**Data**
━━━━
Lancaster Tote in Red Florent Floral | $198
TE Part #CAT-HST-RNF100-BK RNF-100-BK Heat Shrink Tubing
━━━━
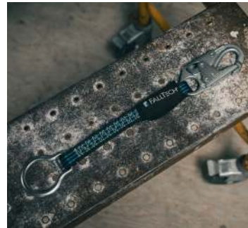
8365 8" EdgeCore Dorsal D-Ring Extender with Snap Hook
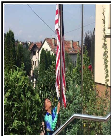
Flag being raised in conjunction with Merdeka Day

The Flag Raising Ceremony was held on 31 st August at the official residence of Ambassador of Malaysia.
━━━━
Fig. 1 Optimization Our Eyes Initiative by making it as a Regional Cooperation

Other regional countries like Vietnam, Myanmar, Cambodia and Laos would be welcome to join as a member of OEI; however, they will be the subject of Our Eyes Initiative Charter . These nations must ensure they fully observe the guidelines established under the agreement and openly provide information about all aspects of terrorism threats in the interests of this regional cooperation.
━━━━
**Task prompt**
Give again exactly, and only, the lines above starting at the one with "Flag being raised" and ending at the one with "The Flag Raising".

**Answer area**
Flag being raised in conjunction with Merdeka Day

The Flag Raising Ceremony was held on 31 st August at the official residence of Ambassador of Malaysia.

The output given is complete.